MATERIALS AND METHODS
Ethical statements
This review study did not treat human participants. Therefore, our Institutional Review Board waived the need for informed consent for a systematic review and meta-analysis.
Literature search
Clinical studies were retrieved from PubMed, the Cochrane Central Register of Controlled Trials, Embase, Web of Science, Scopus, and Google Scholar. The search period was from the date of database inception until November 2020. The search terms were “coronavirus disease 2019,” “severe acute respiratory syndrome coronavirus 2,” “coronavirus,” “COVID-19,” “anosmia,” “ageusia,” “dysgeusia,” “smell,” “taste,” “smell disorders,” “taste disorders,” “PCR,” “diagnostic accuracy,” “signs,” “symptoms,” “cough,” “diarrhea,” “dyspnea,” “fatigue,” “fever,” “headache,” “myalgia,” “fatigue,” and “fever.” Only studies written in English were reviewed. When we performed five database searches, the keywords were used by the combinations (“or”) of all possible keywords ([all fields] and the language limitation such as English (“and”). For very brief and partial example, the following combination of search details was used in Medline: (“COVID-19”[Mesh], or “coronavirus disease 2019” [All Fields], or “severe acute respiratory syndrome coronavirus 2”[All Fields]) AND “diagnosis”[All Fields] AND (“Signs”[All Fields] and “Symptoms”[All Fields] OR (“anosmia”[Mesh] OR “Smell”[Mesh] OR “Olfaction Disorders”[Mesh] OR “Ageusia” [Mesh] OR “Dysgeusia”[Mesh] “Taste”[Mesh] OR “Taste Disorders”[Mesh] OR “Taste and Smell Impairment”[All Fields]) OR (“Cough”[Mesh] OR “Cough”[All Fields] OR “Coughs”[All Fields]) OR (“Diarrhea”[Mesh] OR “Diarrhea”[All Fields] OR “Diarrheas”[All Fields]) OR “Fatigue”[Mesh] OR “Fatigue”[All Fields] OR “Lassitude”[All Fields]) OR (“Fever”[Mesh] OR “Fever”[All Fields] OR “Fevers”[All Fields] OR “Pyrexia”[All Fields] OR “Pyrexias”[All Fields]) OR “Headache”[Mesh] OR “Myalgia”[Mesh] AND “English”[All Fields]). We used similar search words for the other databases. The reference lists of each publication were examined to ensure that no relevant studies had been omitted. All abstracts and titles of candidate studies were assessed by two independent reviewers (DHK and SHH). Studies that did not address smell and taste disorders in the context of COVID-19 were excluded. Detailed search terms and queries was described in Supplementary Table 1.
Selection criteria
The inclusion criteria were (1) English language, (2) prospective or retrospective study protocol, (3) comparison of the prevalence of various symptoms, including smell or taste disorders, in patients or controls tested by PCR via pharyngeal swab, and (4) eligibility in sensitivity and specificity analyses. The exclusion criteria were (1) case report format, (2) review article format, and (3) lack of diagnostic power regarding smell or taste disorders. The search strategy is summarized in Fig. 1.

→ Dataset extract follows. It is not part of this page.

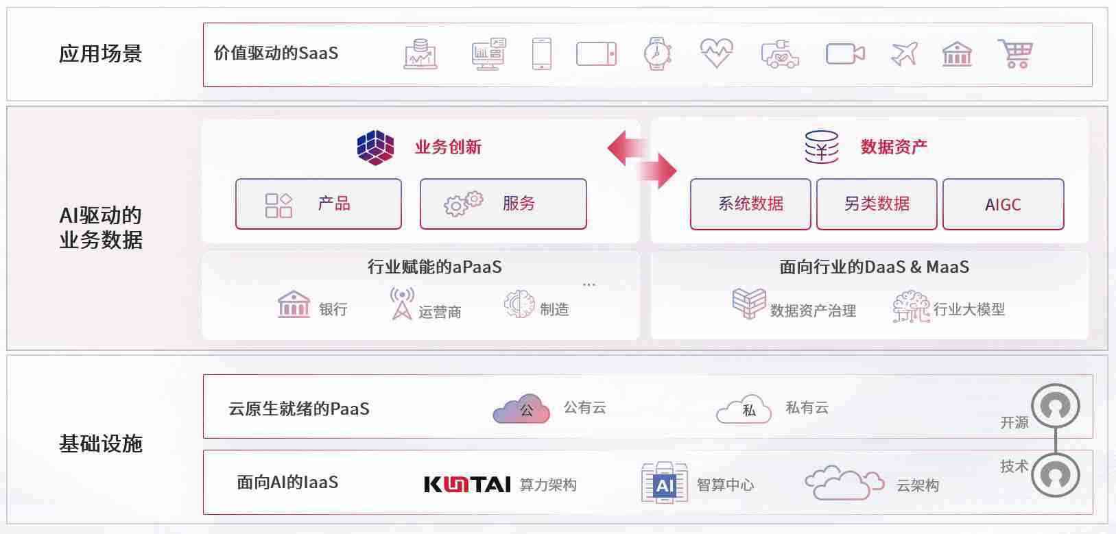 数字时代,,围绕企业数字化转型的关键要素,,,,EBPAY钱包官网数码开创性的提出数云融合战略和技术体系框架,,,着力在云原生、、、、数字原生、、、AI原生和信创产业上架构产品和服务能力,,为处在不同数字化转型阶段的快消零售、、、、汽车、、金融、、、医疗、、、、政企、、教育、、、、运营商等行业客户提供泛在的敏捷IT能力和融合的数据驱动能力,,,构建跨界融合创新的数字业务场景和新业务模式,,,助力企业级客户建立面向未来的核心能力和竞争优势,,,,全面推动社会的数字化、、、、智能化转型升级。。。。

Data extraction and risk of bias assessment
We compared the results of the various symptoms with the results of the PCR from respiratory secretions. Then, we extracted TP (true positive), FP (false positive), TN (true negative), and FN (false negative) values to calculate diagnostic accuracy, defined as the diagnostic odds ratio (DOR), sensitivity, specificity, negative predictive value (NPV), and positive predictive value (PPV). The calculation was as follows: DOR, (TP/FP)/(FN/TN); sensitivity, TP /(TP+FN); specificity, TN/(TN+FP); NPV, TN/(TN+FN); PPV, TP/(TP+FP). Summary receiver operating characteristic (SROC) curve and the area under the curve (AUC) were also analyzed together [1-6,9-41].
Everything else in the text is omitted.